Surrogatmarker bei Diabetes mellitus


Statistik und Logik für Mediziner - Teil 3

Wenden wir nun unser Wissen über Surrogatmarker auf den Diabetes an. Wir beginnen mit der einfachsten Form, dem Diabetes mellitus Typ 1. Als erstes versuchen wir zu erfassen, was das „eigentliche Krankheitsgeschehen“ ist – denn die namengebende Glucosurie ist es sicher nicht.

Der Diabetes mellitus Typ 1 ist eine Immunerkrankung des Pankreas. Die langerhansschen Inselzellen werden dabei zerstört, so dass zunehmend weniger Insulin gebildet wird. Dieser Prozess lässt sich bisher weder aufhalten noch rückgängig machen. Die Folge ist, dass zunehmend Insulin im Körper fehlt. Das Insulin wiederum hat die Aufgabe, die aus der Nahrung gewonnene Glucose aus dem Blut in die Zelle zu transportieren. Die Ernährung der Zelle basiert auf Sauerstoff plus Glucose, ohne Glucose in der Zelle ist unser Überleben gefährdet.

Das eigentliche und therapierbare Krankheitsgeschenen ist also der Glucosemangel in der Zelle.

Bei Glucosemangel kann die Körperzelle ihre Energie auch aus Fettsäuren beziehen. Dadurch entstehen allerdings vermehrt Ketonkörper, wodurch der Blut-pH auf gefährliche Art sinken kann. Man spricht dann von einer metabolischen Azidose. Auch dieser Zustand ist auf Dauer mit dem Leben nicht zu vereinbaren.

In dieser Situation ist die Glucose im Blut erhöht, da sie ja nicht in die Zellen transportiert worden ist. Aber auch ohne Nahrungsaufnahme kommt es bei Zell-Glucosemangel zur Hyperglykämie. Sie entsteht durch eine vermehrte Glukoneogenese in Leber und Nieren. Die neu gebildete Glucose kommt aber leider nicht den Zellen zugute, denn ohne Insulin bleibt sie  „im Blut stecken“ .

Was sind nun die geeigneten Surrogatmarker, um den drohenden Zelltod durch Glucosemangel frühzeitig zu erkennen? In Frage kommen:

1) Azidose
2) Ketonurie             
3) Schwäche
4) Hyperglykämie

Von diesen vier Surrogatmarkern ist eindeutig der gemessene Blutzucker am besten geeignet, denn alle geforderten Kriterien sind erfüllt: Die Bestimmung ist einfach, objektiv, zeitnah möglich und preisgünstig, die Korrelation zum Krankheitsgeschehen ist gut und ändert sich auch zeitnah.

Die Glucose-Aufnahme in die Zelle wird bei Diabetes mellitus Typ 1 nur durch Insulingabe erreicht. Die Hypoglykämie ist dabei keine Komplikation der Erkrankung, sondern eine Behandlungs-Komplikation.

Am Beispiel des Diabetes mellitus Typ 1 lässt sich nun auch gut sehen, was die Crux der Surrogatmarker ist: Wenn es uns gelänge, zum Beispiel mittels Dauerdialyse die überschüssige Glucose aus dem Blut zu entfernen und so den Glukosegehalt des Blutes im Normbereich zu halten, so würde das den sicheren Tod des Patienten bedeuten. Es kommt ja nicht darauf an, das Blut von überschüssiger Glucose zu „reinigen“, sondern diese den Körperzellen zuzuführen. Wir würden nur den Surrogatmarker Hyperglykämie, nicht aber das „eigentliche Krankheits-Geschehen“, den Zell-Glukosemangel, beeinflussen.
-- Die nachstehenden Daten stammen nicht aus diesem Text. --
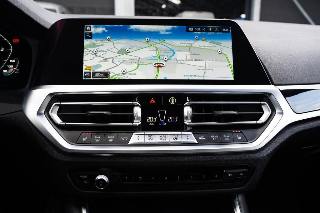 Dankzij het digitale dashboard in deze auto kan u de interface van uw cockpit personaliseren. Met de achteruitrijcamera ziet u precies wat er achter de auto gebeurt. Zoals u van zo'n jonge auto mag verwachten, zijn hier ook de geavanceerde remote services aanwezig. Simpelweg met een app op uw smartphone controleert u op afstand de status van de auto en bedient u diverse functies. Gemakkelijk en veilig is de spraakbediening voor het audio-installatiesysteem en het full map navigatiesysteem. Daarbij kunt u deze ook bedienen met de knoppen op het stuur. De audio-kwaliteit is geweldig, dankzij de DAB-ontvangst. Radarsensoren aan de achterkant van de auto zorgen voor een achteropkomend verkeer waarschuwing als de afstand tot het verkeer achter te klein wordt. Ook is de BMW uitgerust met: electronic climate control, sportstuur met schakelpaddels, regensensor, cruise control, automatisch dimmende buitenspiegels en centrale deurvergrendeling met afstandsbediening.
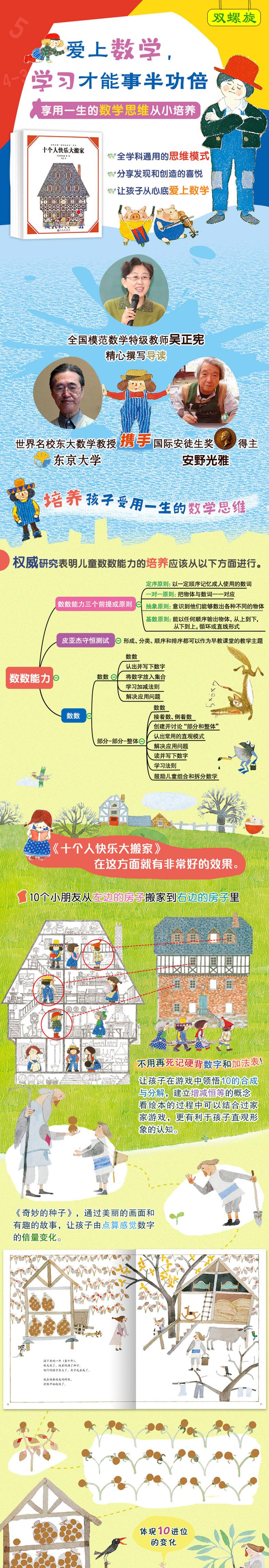 《十个人快乐大搬家》巧妙的纸上游戏,“10个孩子、两栋房子”,设计生动有趣。彩色的楼房外形,黑白的房子内景,繁杂的房子摆设,人物位置的变化,让孩子掌握10的组成与分解。在数量增减的变化中体会“恒等”。“变中有不变”的思想也渗透其中。“天窗”的变换,色彩的搭配,延长了孩子的关注时间,激发了儿童的学习兴趣,。 《奇妙的种子》通过种子种植后的变化与生长,让儿童“看到”这种变化的规律,感受“数字倍增”的惊奇。 《帽子戏法》像推理小说解谜一样有趣的数学侦探游戏绘本。 通过猜测帽子的颜色,锻炼小朋友的推理和观察能力,逐步培养他们对假设法和排除法的理解。 《壶中的故事》这个故事是以壶中有一个小岛,岛中有两个国家,两个国家各有三座山…一直往下类推的方式来表现数目不断增加的过程,让小朋友在阅读中建立数学阶乘法的概念。 《三只小猪》本书中讲述的是一只叫“苏格拉底”的大灰狼和三只小猪的故事。大灰狼夫妇想......
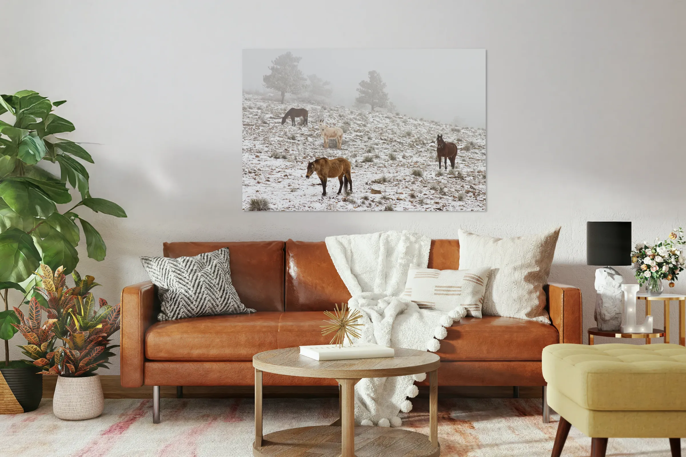 Rocky Mountain Horses Snow Fog Impression sur toile
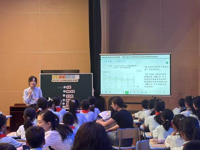 活动第二环节由华东师范大学附属六安学校刘梁宇老师对北师大版数学五年级下册第8单元《复式折线统计图》第2课时“试一试”进行说课与课例展示。整节课将数学技能训练、数据分析能力培养与国家安全教育、生态环保责任意识培育有机结合。
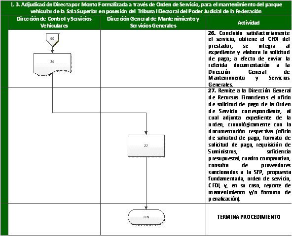 | Dirección de Control y Servicios Vehiculares | 26. Concluido satisfactoriamente el servicio, obtiene el CFDI del prestador, se integra al expediente y elabora la solicitud de pago; a efecto de enviar la referida documentación a la Dirección General de Mantenimiento y Servicios Generales. | Solicitud de pago |
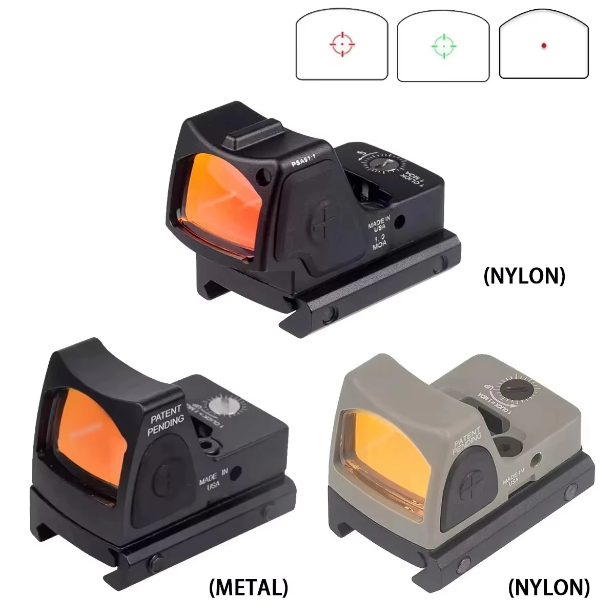 Ampliación: 1xCompensador de caída de bala: NoLongitud (pulg.) : 45 mmFuente de iluminación LEDPatrón de retícula: punto de 3,25 MOAColor del retícula diurna: rojoColor del retícula nocturno: rojoConcepto de puntería Bindon: NoAjuste a 100 yardas (clices/in): 1,0Material de la carcasa: Aluminio forjadoNota: Baterías 1 batería de litio xCR20323V
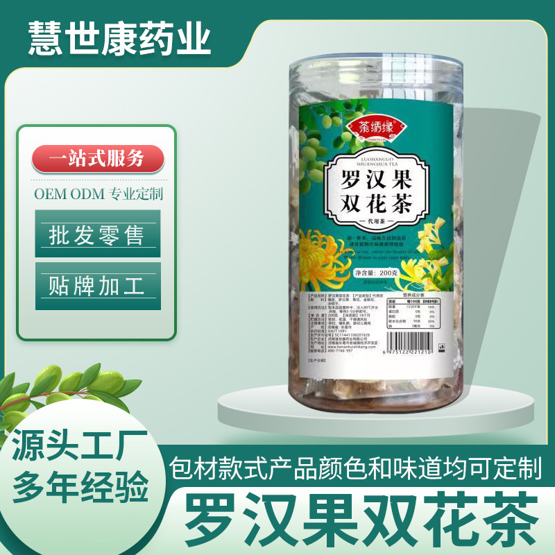 羅漢果雙花茶盒裝菊花金銀花組合花茶獨(dú)立包裝200克代加工

Jeder Glucosemangel in der Zelle schlägt sich also in einem erhöhten Blutzucker nieder. Gilt das denn auch andersherum? Zeigt also bei unserem Diabetiker jede Hyperglykämie an, dass die Zelle einen Glukosemangel aufweist? Sicher nicht! Auch die exzessive Kohlenhydrataufnahme bei vorher ausgeglichenem Stoffwechsel mündet in einer Hyperglykämie.

Trotzdem: Ohne Hyperglykämie kein Glucosemangel in der Zelle (Ausnahmen bestätigen die Regel, siehe Teil 6). Hyperglykämie vermeiden heißt Zell-Glukosemangel vermeiden, heißt Hauptgefahr abwenden.

Eine andere Frage ist es, ob Hyperglykämien ohne Zell-Glucosemangel schädlich sind. Die vorliegenden Studien können das nicht beweisen, deuten aber stark darauf hin. Daher streben wir bei Menschen mit Diabetes mellitus Typ 1 auf jeden Fall eine normnahe Blutzuckereinstellung an.